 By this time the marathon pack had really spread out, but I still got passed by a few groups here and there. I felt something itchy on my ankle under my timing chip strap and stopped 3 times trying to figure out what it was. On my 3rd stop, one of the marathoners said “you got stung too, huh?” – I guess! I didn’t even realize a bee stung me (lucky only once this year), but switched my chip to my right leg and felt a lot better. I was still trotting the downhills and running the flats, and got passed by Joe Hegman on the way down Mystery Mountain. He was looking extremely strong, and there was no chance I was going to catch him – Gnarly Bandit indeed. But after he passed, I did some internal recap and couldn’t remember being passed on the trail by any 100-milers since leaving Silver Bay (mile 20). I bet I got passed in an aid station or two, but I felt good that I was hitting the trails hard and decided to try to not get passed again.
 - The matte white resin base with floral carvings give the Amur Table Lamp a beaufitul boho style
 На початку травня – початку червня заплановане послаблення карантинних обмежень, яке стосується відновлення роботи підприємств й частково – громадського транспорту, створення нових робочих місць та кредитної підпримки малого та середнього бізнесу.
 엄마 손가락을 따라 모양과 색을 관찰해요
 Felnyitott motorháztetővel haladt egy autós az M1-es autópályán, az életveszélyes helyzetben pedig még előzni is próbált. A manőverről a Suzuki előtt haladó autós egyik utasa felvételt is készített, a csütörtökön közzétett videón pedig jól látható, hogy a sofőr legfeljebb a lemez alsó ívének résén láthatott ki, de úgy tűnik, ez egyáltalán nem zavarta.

* * *

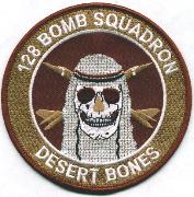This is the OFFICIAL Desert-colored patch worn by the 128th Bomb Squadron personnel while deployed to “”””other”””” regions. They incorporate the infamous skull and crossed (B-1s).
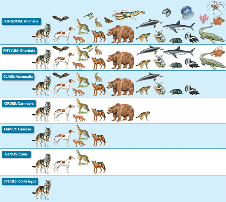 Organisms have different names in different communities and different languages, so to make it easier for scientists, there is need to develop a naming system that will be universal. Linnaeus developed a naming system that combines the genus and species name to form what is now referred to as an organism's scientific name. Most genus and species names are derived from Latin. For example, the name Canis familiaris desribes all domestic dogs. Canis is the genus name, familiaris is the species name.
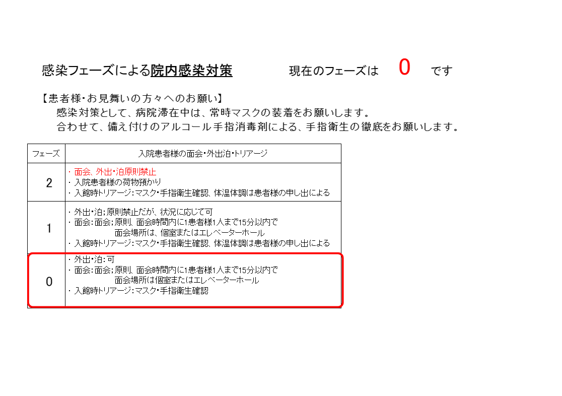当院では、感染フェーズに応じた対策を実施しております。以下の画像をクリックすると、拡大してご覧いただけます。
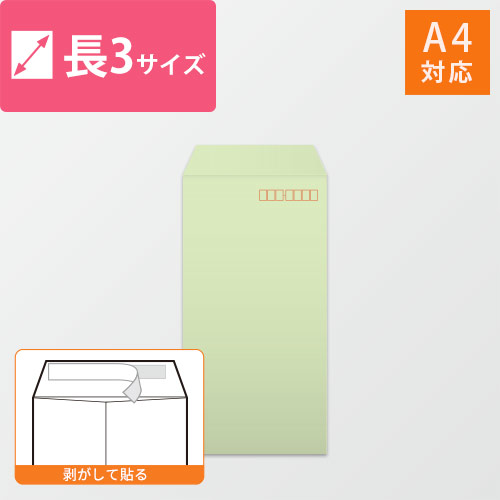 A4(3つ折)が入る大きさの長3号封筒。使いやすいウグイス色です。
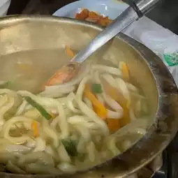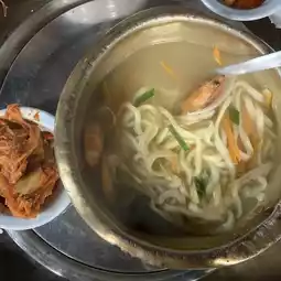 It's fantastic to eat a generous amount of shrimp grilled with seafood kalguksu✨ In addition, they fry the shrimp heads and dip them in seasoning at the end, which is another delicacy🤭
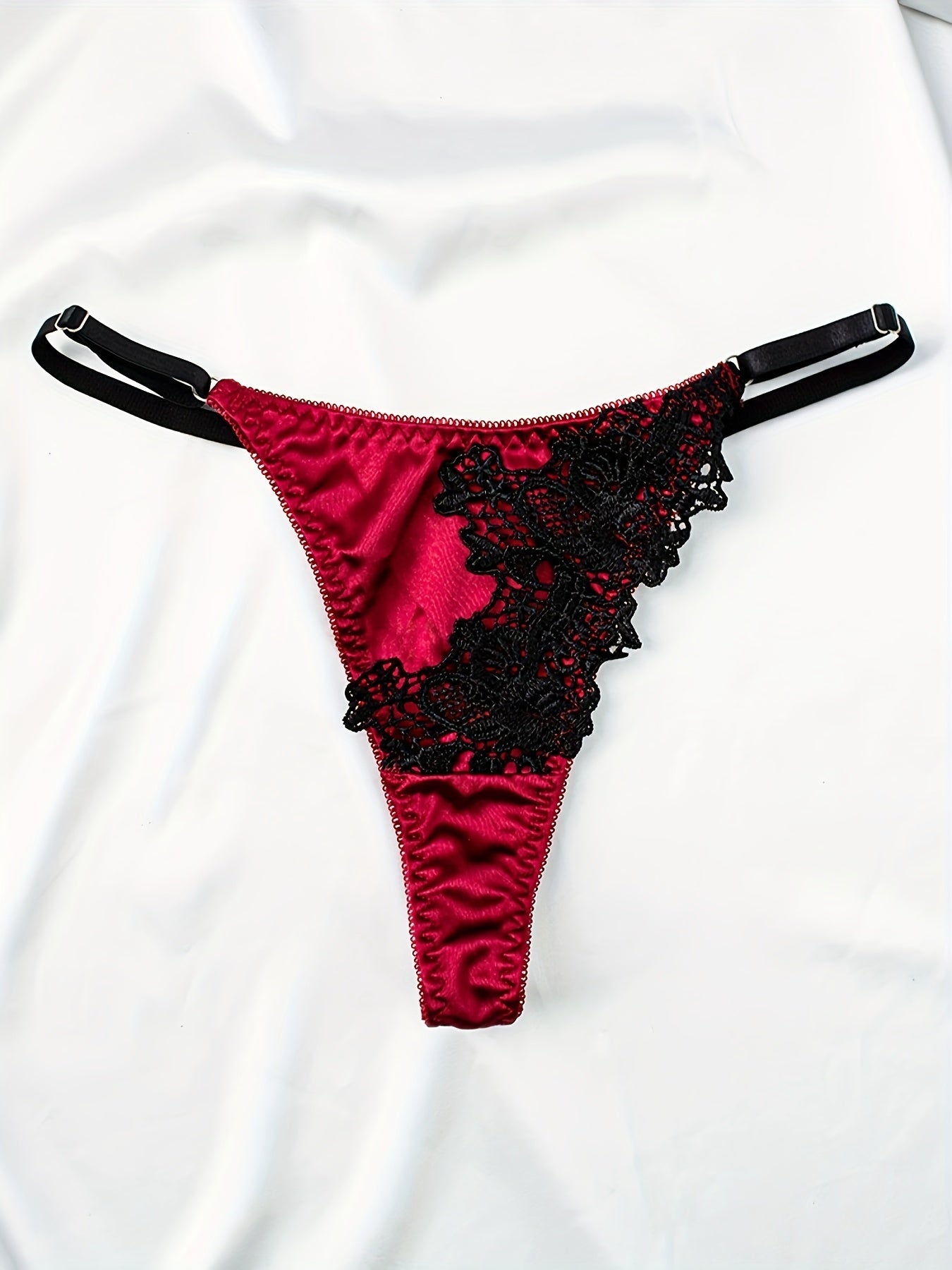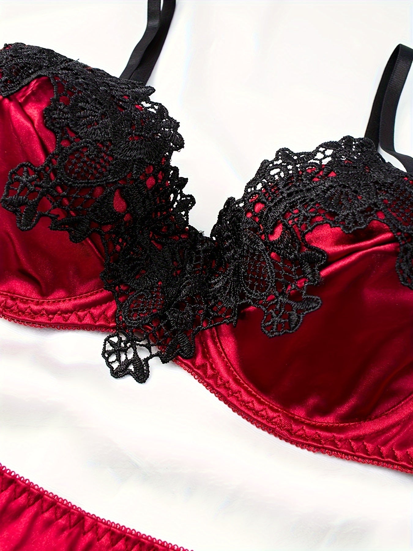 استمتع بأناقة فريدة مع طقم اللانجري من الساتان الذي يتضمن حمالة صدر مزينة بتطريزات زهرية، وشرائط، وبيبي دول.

...

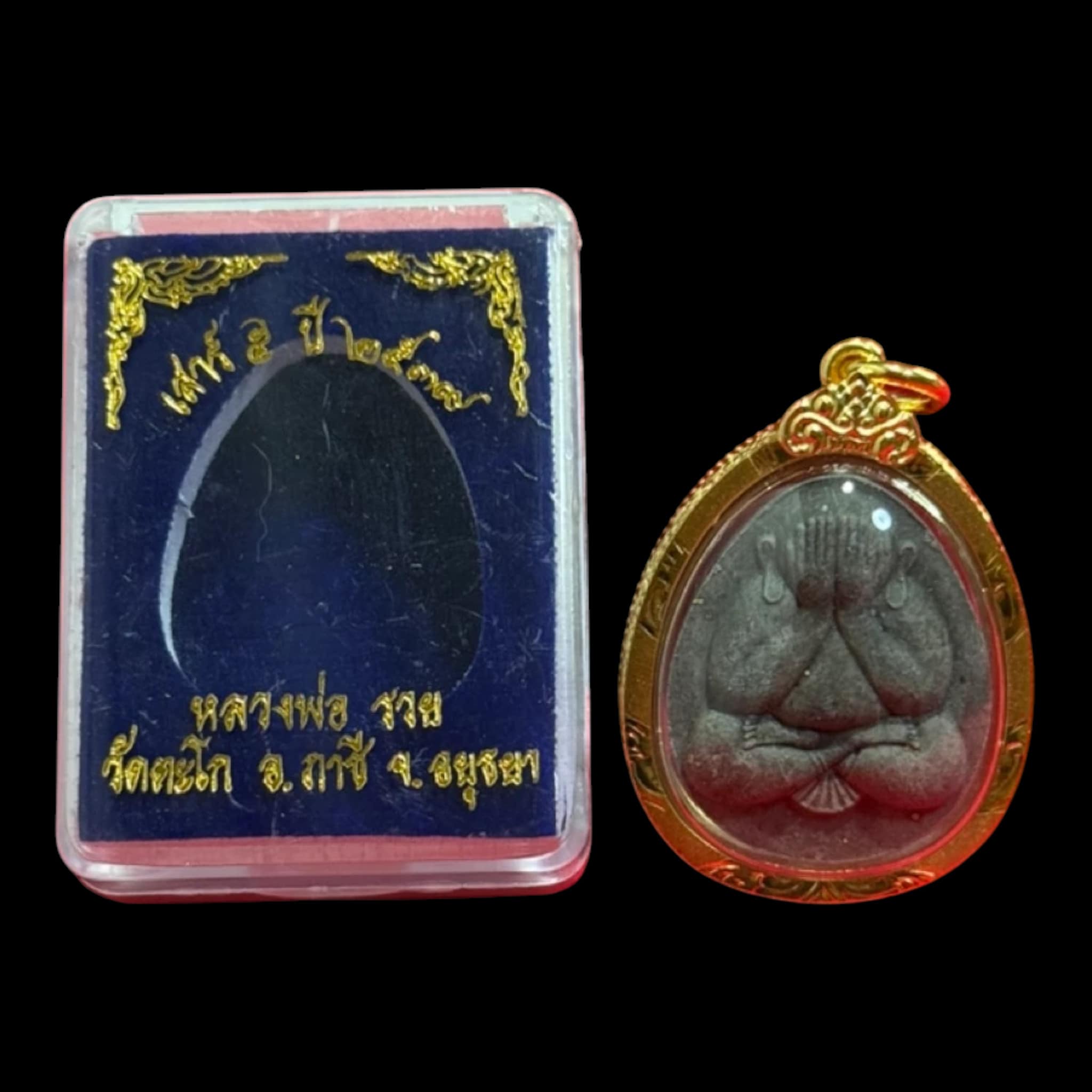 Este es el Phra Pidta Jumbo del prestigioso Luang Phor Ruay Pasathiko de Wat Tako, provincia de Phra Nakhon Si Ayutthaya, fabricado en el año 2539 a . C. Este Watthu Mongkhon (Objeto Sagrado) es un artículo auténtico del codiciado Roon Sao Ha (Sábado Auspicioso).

*What the task asks*.
Above are some records. Output exactly the lines from the one that contains "当院では、感染フェーズに応じ" to the one that contains "استمتع بأناقة فريدة", keeping both, and omit the pictures.

*Output*.
当院では、感染フェーズに応じた対策を実施しております。以下の画像をクリックすると、拡大してご覧いただけます。
 A4(3つ折)が入る大きさの長3号封筒。使いやすいウグイス色です。
 It's fantastic to eat a generous amount of shrimp grilled with seafood kalguksu✨ In addition, they fry the shrimp heads and dip them in seasoning at the end, which is another delicacy🤭
 استمتع بأناقة فريدة مع طقم اللانجري من الساتان الذي يتضمن حمالة صدر مزينة بتطريزات زهرية، وشرائط، وبيبي دول.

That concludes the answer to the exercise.